06-16, 15:45–16:25 (Europe/London), Salisbury
Earlier this year, my team caused an outage across Europe for a major cloud provider. The incident response taught me a lot about working with cloud data lake systems at massive scale. How do you make these systems performant, resilient, and easy to maintain? And of course, how do you stop them from behaving like a DDOS attack on the cloud provider?
My team allows cybersecurity researchers to find needles in haystacks. We let researchers dynamically hunt for a single IP, a bunch of hashes, particular domains across petabytes of telemetry in thousands of different data lakes.
The root cause of the outage was an overload of the cloud provider’s metadata servers. Since we allow users to make dynamic queries - i.e. run arbitrary SQL across thousands of different data lakes- one query triggers thousands of IAM checks. Consequently, the solution to the outage was to freeze our team’s account.
For us, this meant we had a huge backlog and many anxious users. We now had a big new problem - how to empty the backlog without getting locked out of our account again? We solved this problem; here are the 5 most important things I learnt from doing so.
The Five Lessons (30m, roughly 6m each)
1. How to do effective Root Cause Analysis (RCA)? I found this was mostly a non-technical issue and more of an emotional one! During an outage, I felt that everyone was hurrying to just get the system back online. To figure out the root cause, I felt we had to resist the pressure to slap a bandaid on and persistently dig a little deeper.
2. Build software with the expectation that things will go wrong. But how do you actually do that on a dynamic, distributed query system? It’s a lot more complex than just returning a status code from an API. There are many different components, everything is asynchronous, and users depend on all of it.
3. How do you create a good user experience? From a user’s point of view, they just want to get the answer to their query as fast as possible. They do not care how much data they are querying or how complicated your fancy distributed system is, nor should they. However, typically we don’t design huge distributed query systems from a UX point of view - we only think about the backend!

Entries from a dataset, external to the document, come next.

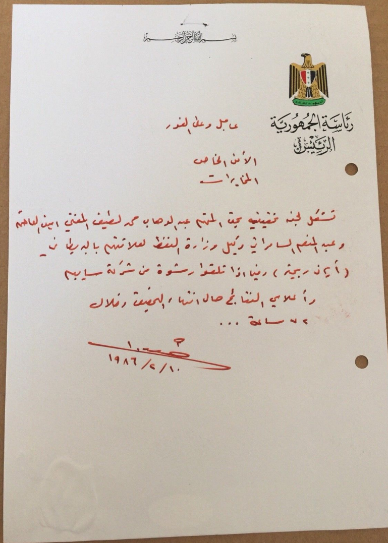 وتضمنت الوثائق، أوامر من صدام حسين للجهات الحكومية والأمنية والوزارات، خلال سنوات حكمه، ووثيقة أخرى كانت لافتة، إذ تضمنت أمرا بتقديم بندقية مصنوعة من الذهب للملك خالد بن عبد العزيز، وقلادة ذهب رئاسية، ووسام الرافدين المدني درجة أولى.
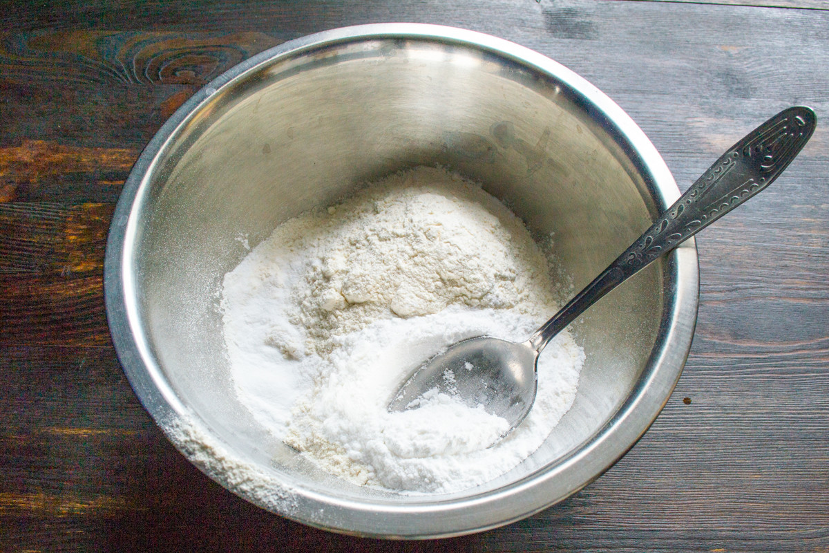Пока яблоки томятся на плите, делаем тесто. Насыпаем в миску пшеничную муку, добавляем сахарную пудру. Если используете ванилин, то добавьте его на этом этапе.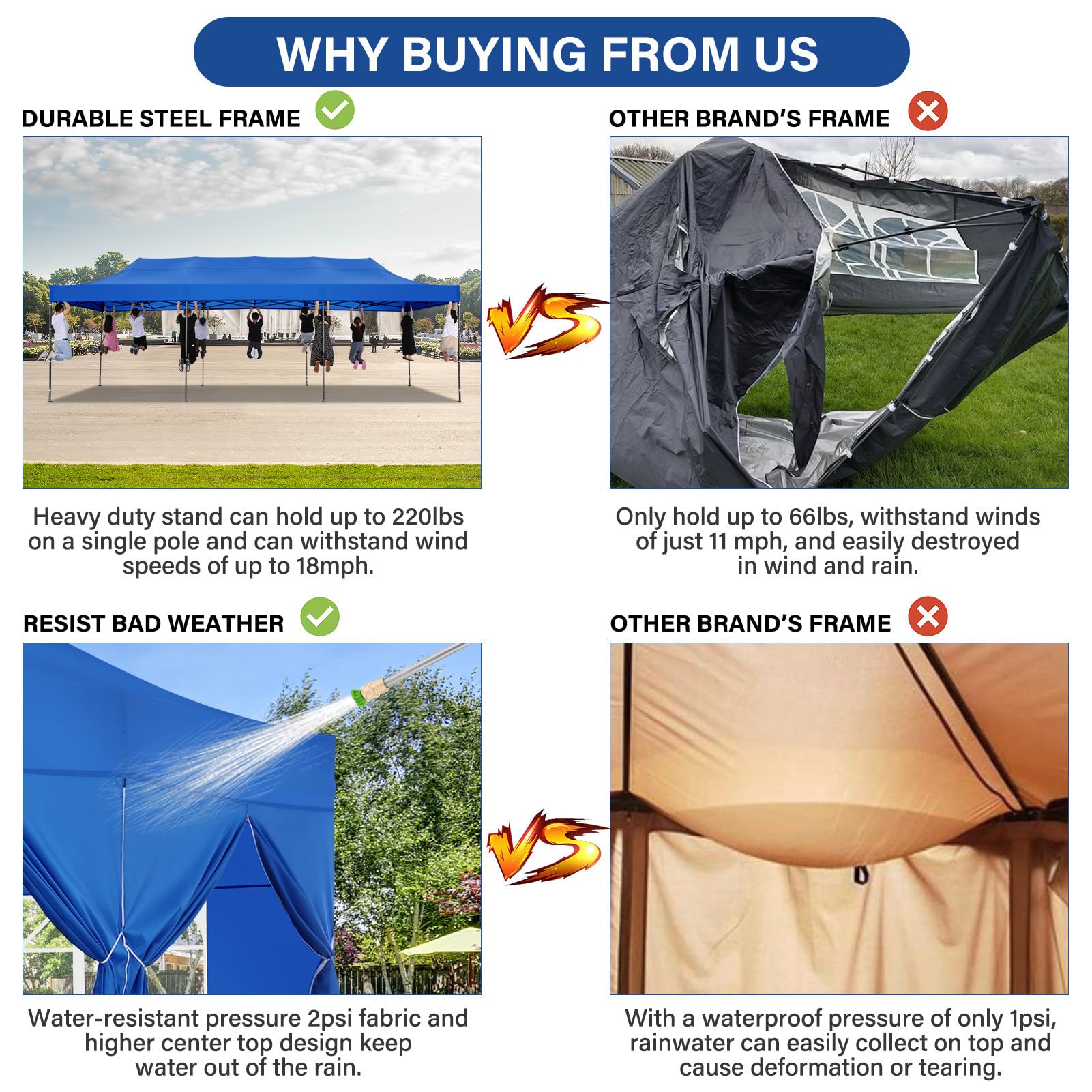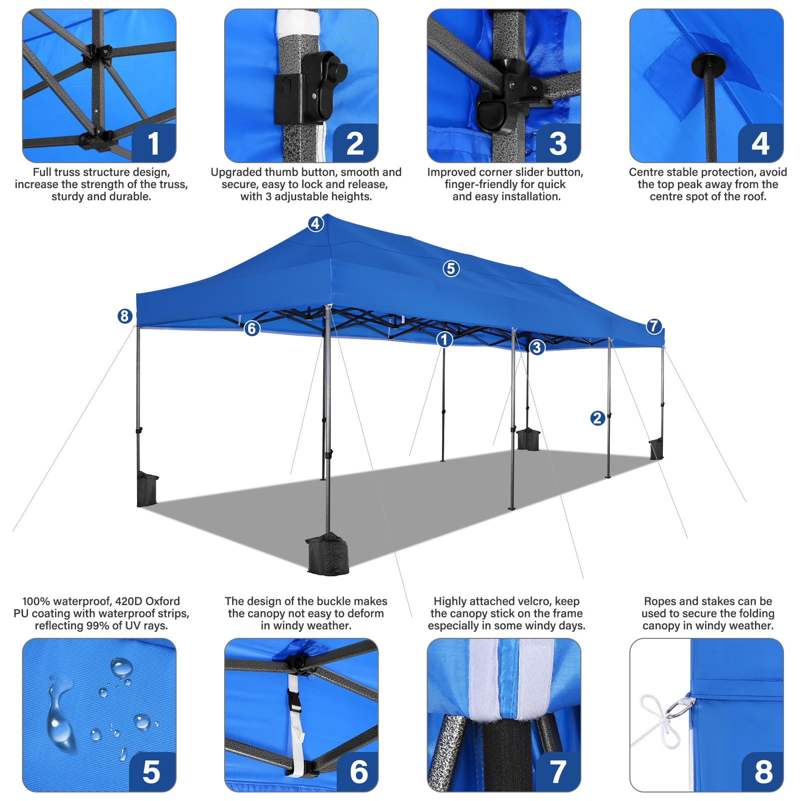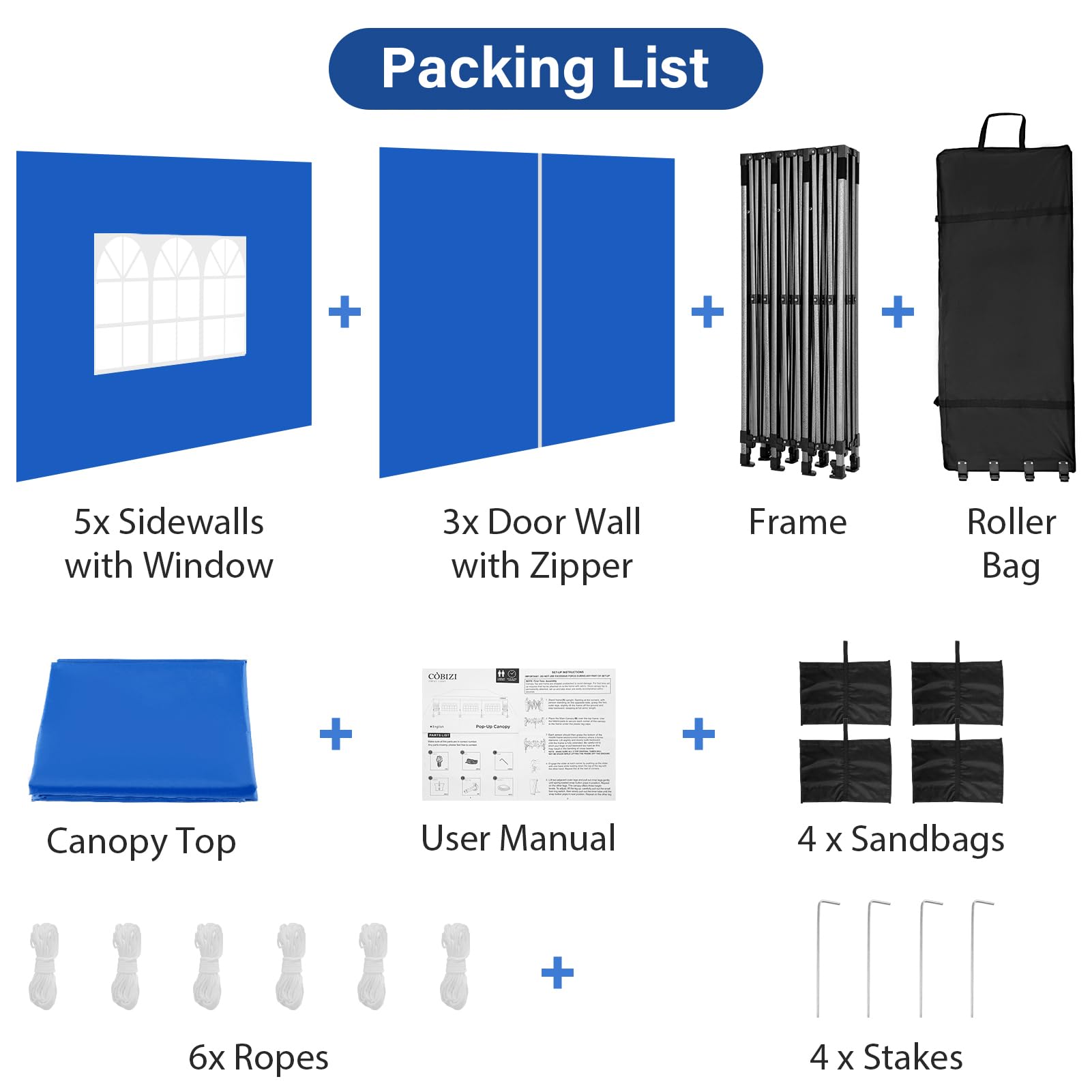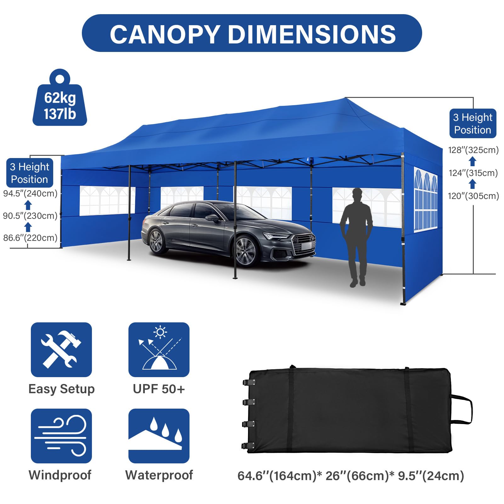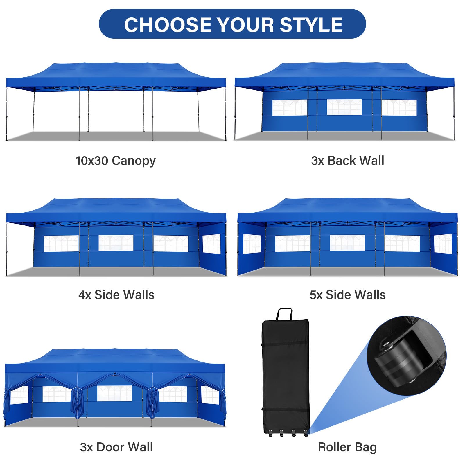 COBIZI 10'x30' Pop up Canopy, Party Tent Outdoor Event Instant Gazebo, Waterproof Commercial Heavy Duty Canopy for Events with 8 Sidewalls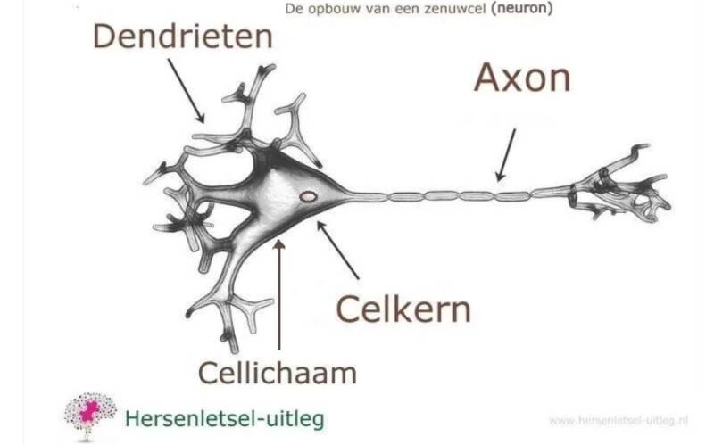 Op de afbeelding hieronder de normale lengte en hoeveelheid uitlopers van een hersencel.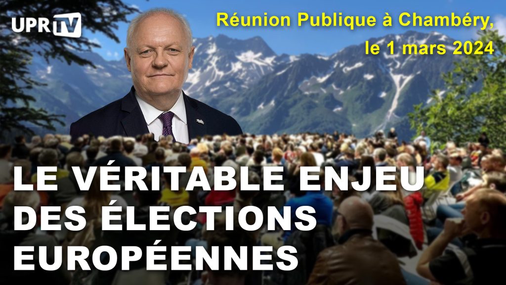François Asselineau a tenu une réunion publique à Chambéry, dans la Savoie, le 1er mars 2024, sur le thème : « Le véritable enjeu des élections européennes ».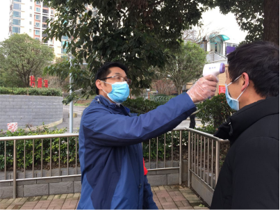 量体温,微笑询问来访人员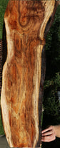 This Silver Wattle wood was cut from two very large logs that had a good amount of color and fiddleback. It is kiln dried and has been surfaced on two sides. A minor end or edge check may be present. Boards over 36" in length may have a 1/16" to 1/8" bow or twist present. Some boards have spalting which can be stable or soft in areas, but can easily be stabilized with CA glue or other stabilization methods. We have cut the majority of soft spalting off of the boards. Silver Wattle is easy to work and takes a good finish! This piece has splits and inclusions. Please see pictures for details. Epoxy or resin is recommended. This piece is sold "as is" due to defects and is ineligible for a refund or return.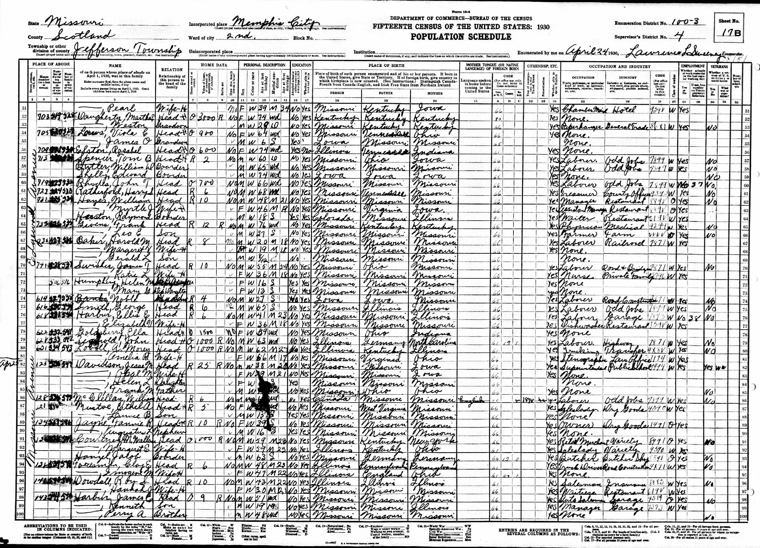 April 24-25, 1930 - 125 Missouri Avenue, Ward 2, Supervisor's District 4, Enumeration District 100-3, Memphis City, Jefferson Township, Scotland County, Missouri (w/son and daughter-in-law, Jesse and Opal).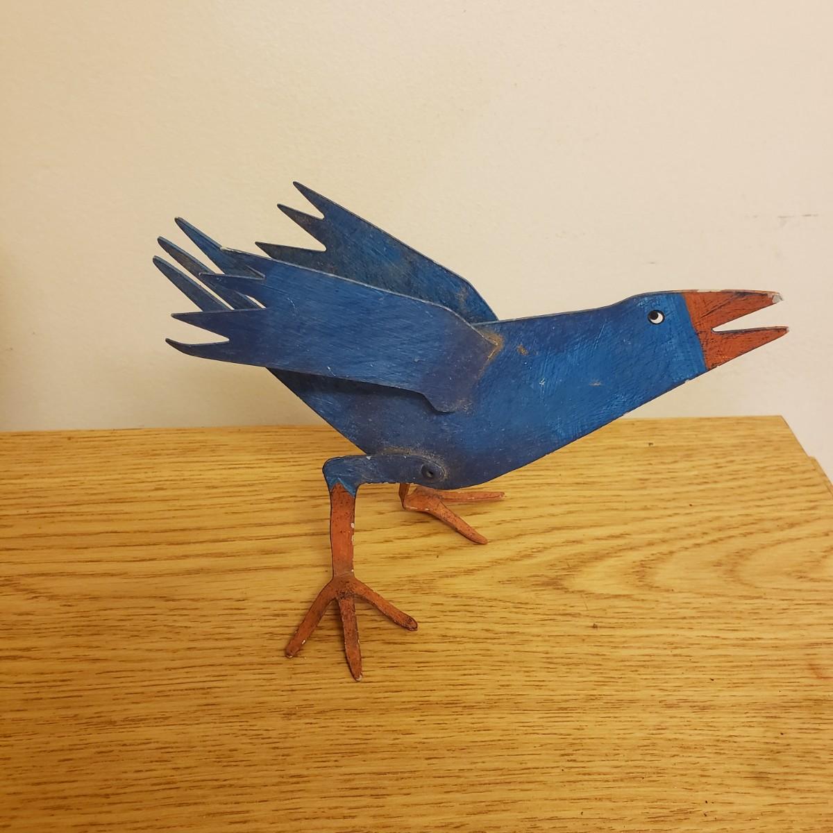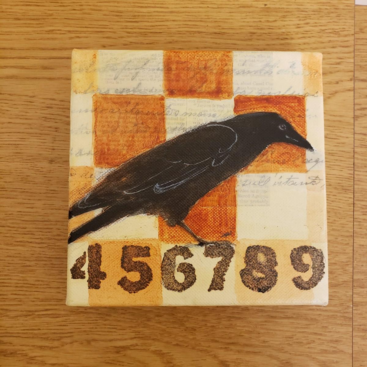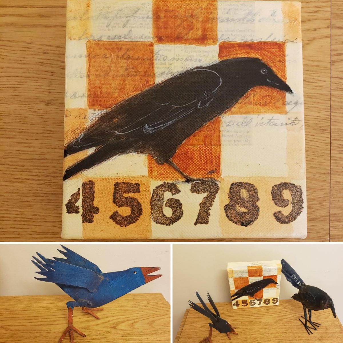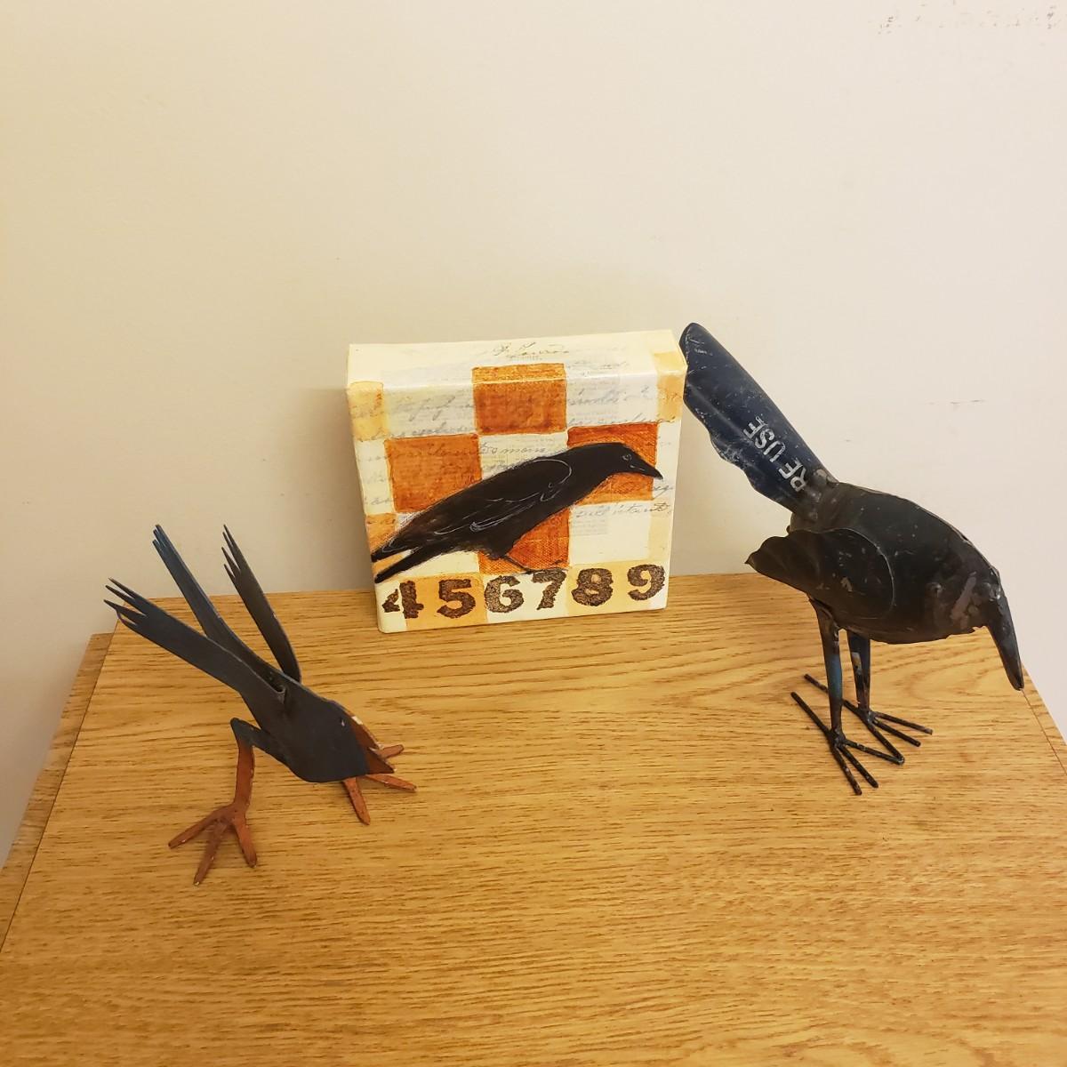 This three piece lot is everything Crows! The 6" x 6" mixed media picture is by Sharon Stolzenberger. The "Re Use" black crow has recycled pieces. The blue crow also has a recycled vibe to it.

4. Eliminate room for user error. Our users often write complex SQL and if they make a mistake, it takes ages for us to debug it. Imagine finding one bracket in the wrong place in 100 lines of SQL - it is slow! How can you find ways to let users write dynamic queries but with less user error?
5. Monitoring a crucial system with many different components is not the same as monitoring a system with one/two components. More components means things break in more places, which means more alerts and that means more noise. So how do you pick the metrics you actually need to pay attention to?
Conclusion (5m)
A theme that runs through these five lessons is that communication can be more important than technical detail. Even RCA turned out to be more about team communication dynamics than technical acumen! I think we often discount this when we consider what makes a good software engineer.
You learn by breaking things and putting them back together. But typically you don’t break a huge system that tons of people depend on for urgent work. I learnt so much from this experience that it made me want to break similar other systems just to figure out how to put them back together. Obviously, you can’t really do that - but you can pretend! Next time I build something, I will definitely ask more questions like “What happens if this goes down for 2 weeks because of something that is 100% out of our control?”.
Previous knowledge expected
Alexander is a software engineer working in cybersecurity at Palo Alto Networks. He first got into coding because he speaks Russian and wanted to automate reading endless Russian disinformation.
He cares about digital rights, inclusion in tech, writing safe code and contributing to the open source community.
When he isn't coding, he likes to drink at least 5 coffees a day and play basketball.